= P3M3 =

Management maturity model for portfolio, programme and project management

The Portfolio, Programme and Project Management Maturity Model (P3M3) is a management maturity framework used to assess and improve an organisation’s ability to manage projects, programmes, and portfolios. It provides a structured approach to benchmarking current practices, identifying strengths and weaknesses, and developing roadmaps for performance improvement.

P3M3 is maintained by AXELOS, a joint venture between the UK Cabinet Office and Capita, and is used by both public and private sector organisations globally.

== History ==
P3M3 was originally introduced in 2005 by the UK Office of Government Commerce (OGC) as an extension of the principles of the Capability Maturity Model (CMM) into project, programme, and portfolio management.

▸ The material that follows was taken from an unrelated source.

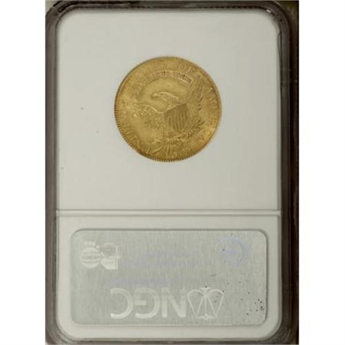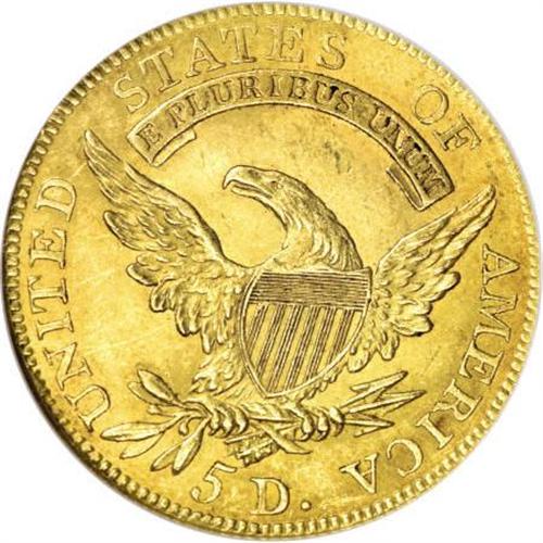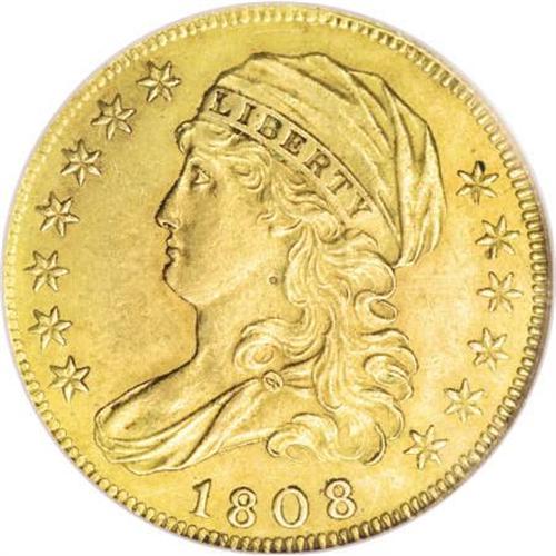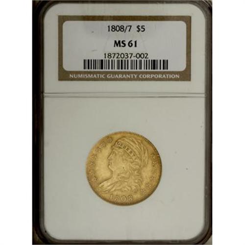 <B>1808/7 $5 MS61 NGC.</B></I> Close Date, Breen-6455, BD-2, High R.4. The upper crossbar of the 7 is obvious within the upper loop of the final 8 in the date. Part of the shaft of the 7 is also visible inside the lower left loop of the 8, and there is no sign of the 7 outside of the 8, unlike with the BD-1 that shares the same reverse die. Those enterprising numismatists who collect by die variety also look for the tiny incuse circle on the obverse center, as made and an artifact of the die's production. There are two die marriages for the 1808/7, but since BD-1 is rare, those who collect by <I>Guide Book</B></I> variety usually obtain an example of BD-2. This sun-gold piece is well defined aside from minor strike bluntness on the lower left quadrant of the eagle's neck. A thin mark reaches the middle arrowhead, but the overall appearance is blemish-free. A challenging issue, particularly when compared with its 1807 predecessor. Census: 12 in 61, 12 finer (12/07).<BR><BR><B>Coin Engraver:</B> John Reich<BR><BR><b>Shipping:</b> Coins & Currency (<a target="_blank" href="http://www.heritageauctions.com/common/shipping.php">view shipping information</a>)

- 2005 – Initial release of P3M3.
- 2008 – Updated to version 2, expanding scope and detail.
- 2015 – P3M3 version 3 launched by AXELOS, adding a more granular assessment model.

== Structure ==
P3M3 is structured around three models, each focusing on a different domain of management maturity:

1. Portfolio Management Maturity Model (PfM3) – assesses how effectively an organisation manages investments, aligns them with strategic objectives, and realises benefits.
2. Programme Management Maturity Model (PgM3) – measures the organisation’s ability to coordinate multiple related projects to deliver strategic outcomes.
3. Project Management Maturity Model (PjM3) – evaluates the consistency, predictability, and repeatability of project delivery processes.

Each model is further assessed across seven perspectives, including organisational governance, resource management, stakeholder engagement, risk management, and benefits management.

== Maturity levels ==
P3M3 defines maturity across five levels, which represent increasing capability and predictability:

1. Level 1 – Awareness: Processes are unpredictable and reactive.
2. Level 2 – Repeatable: Some processes are established, but inconsistent.
3. Level 3 – Defined: Processes are standardised, documented, and communicated.
4. Level 4 – Managed: Performance is measured, controlled, and managed systematically.
5. Level 5 – Optimised: Continuous improvement and innovation are embedded in the organisation.

== Usage ==
Organisations use P3M3 to:

- Benchmark current maturity levels
- Identify areas for improvement
- Guide investment in project, programme, and portfolio management capabilities
- Demonstrate governance and assurance to stakeholders

The model is also applied in capability assessments, organisational transformation programmes, and in setting strategic roadmaps for delivery excellence.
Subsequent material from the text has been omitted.